In extensive correspondence with Barry Warsaw on this matter a few months
back, we came to the understanding that the Parser he provides in the email
module is intended to be a strict, RFC compliant Parser. The design of the
email module, allows Python programmers to plug in their own Parser class
and use it with the rest of the email module to get the flexibility and
functionality that they need. Barry is open to including other types of
Parsers, but his point of view seems to be, that if the strict Parser
provided in the email module cannot parse the email, then the Python
programmer should decide how to handle this and write appropriate code.

I have written a "smart parser" class that I am using in my email filter. I
use this class instead of the Parser class provided with the email module.
I provide the code below for all interested parties.

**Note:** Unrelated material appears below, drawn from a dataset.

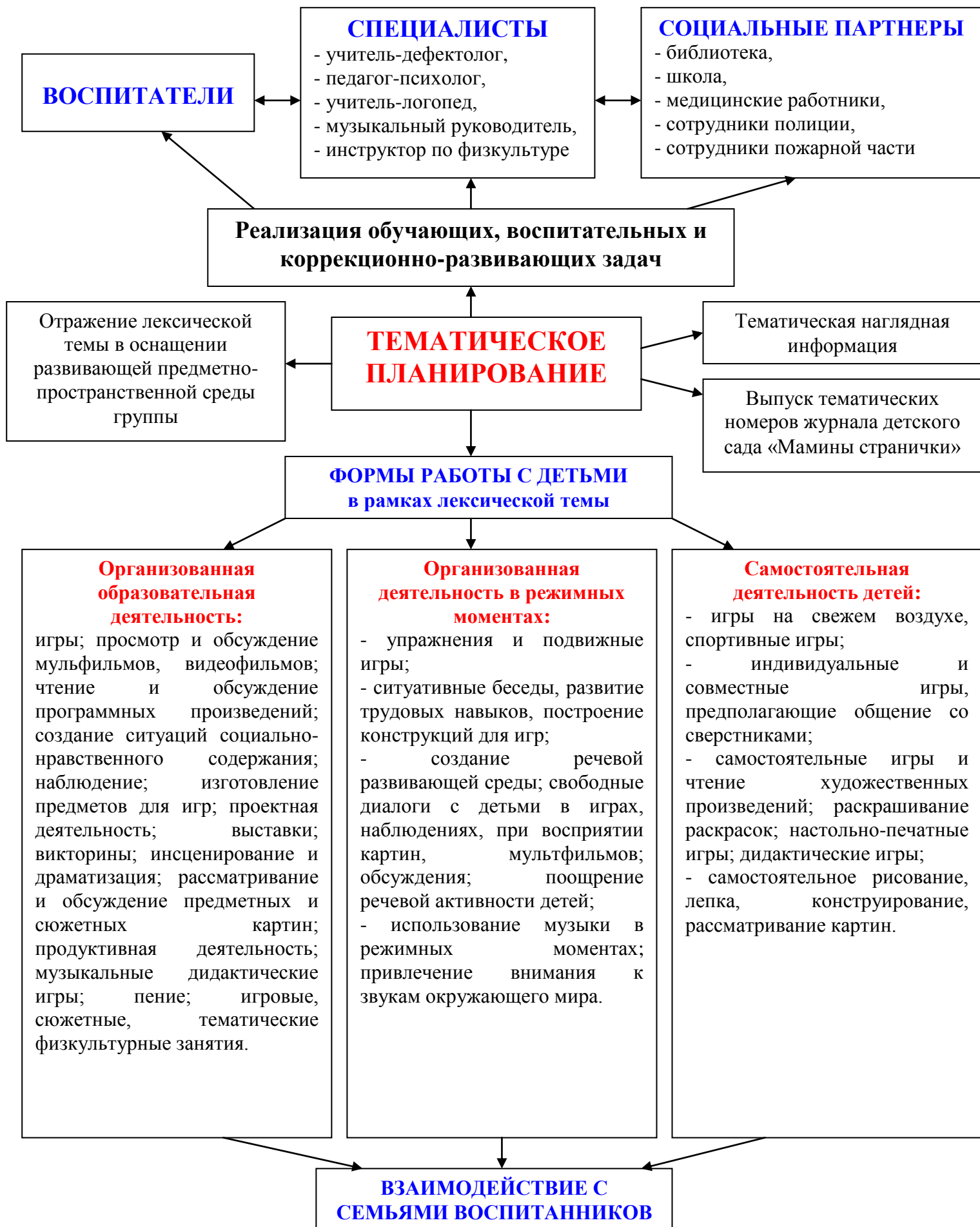
Схема 7. Тематический подход к проектированию образовательной деятельности ДОУ.

It really does a
pretty good job of handling most mails that the strict Parser cannot
handle. If the "smart parser" class below cannot handle your email, then
there is a non-documented HeaderParser class in the email module (see the
source code for the Parser class) which is your next best chance.
Otherwise, you will have to write your own routines for parsing the
message.

The "smart parser" class below is adapted from the Parser code provided in
the email module. I have been using this in a production environment for a
couple of months now, and have quite a number of other beta testers also
using it, and we get almost no mails that cannot be parsed.

Caution: Because this module makes "assumptions" about the structure of the
message, in the case that the received email is not RFC compliant, if you
try to use one of the Generators to print the message (which is called when
printing) it will possibly print a message that is not identical to the raw
message which was received. You may want to somehow save the raw message in
your code elsewhere, if you might need the original raw message.

Code follows the signature. Enjoy,

--
Sheila King
http://www.thinkspot.net/sheila/
http://www.k12groups.org/
http://www.FutureQuest.net

#####   CODE FOR SMART PARSER CLASS #####

from email.Parser import Parser

class smart_Parser(Parser):

    def parse(self, fp):
        root = self._class()
        self._parseheaders(root, fp)
        self._parsebody(root, fp)
        return root

    def parsestr(self, text):
        return self.parse(StringIO(text))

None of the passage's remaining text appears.